● SOURCE DATA
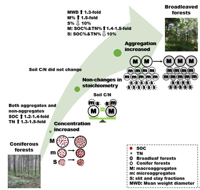 圖4. 針葉林轉變為闊葉林之后土壤有機碳和總氮累積的3個土壤團聚機制過程
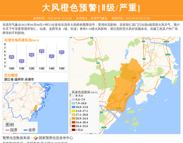 乐清市气象台2022年08月06日15时22分发布乐清市大风橙色预警信号:受强对流影响,目前智仁昌门已出现8级雷雨大风天气,预计今天下午至夜里我市智仁、仙溪、龙西等乡(镇、街道)将有8-10级大风影响,请注意防范大风对设施农业、在建工程及户外广告牌等的不利影响。 信息来源:国家预警信息发布中心; 发布单位:乐清市气象台。
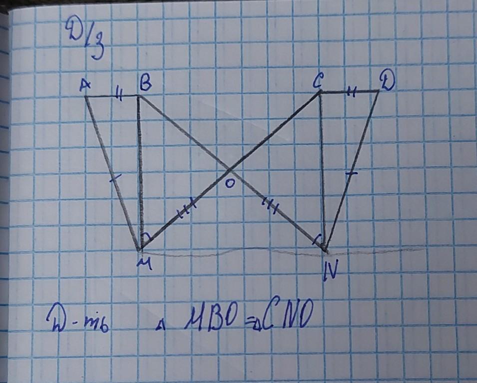4) ∆MBO=∆CNO ( по 2-ому признаку равенства треугольников)

● TO DO
Would you restate the listing word for word and leave every picture out?

● YOUR SOLUTION
 圖4. 針葉林轉變為闊葉林之后土壤有機碳和總氮累積的3個土壤團聚機制過程
 乐清市气象台2022年08月06日15时22分发布乐清市大风橙色预警信号:受强对流影响,目前智仁昌门已出现8级雷雨大风天气,预计今天下午至夜里我市智仁、仙溪、龙西等乡(镇、街道)将有8-10级大风影响,请注意防范大风对设施农业、在建工程及户外广告牌等的不利影响。 信息来源:国家预警信息发布中心; 发布单位:乐清市气象台。
4) ∆MBO=∆CNO ( по 2-ому признаку равенства треугольников)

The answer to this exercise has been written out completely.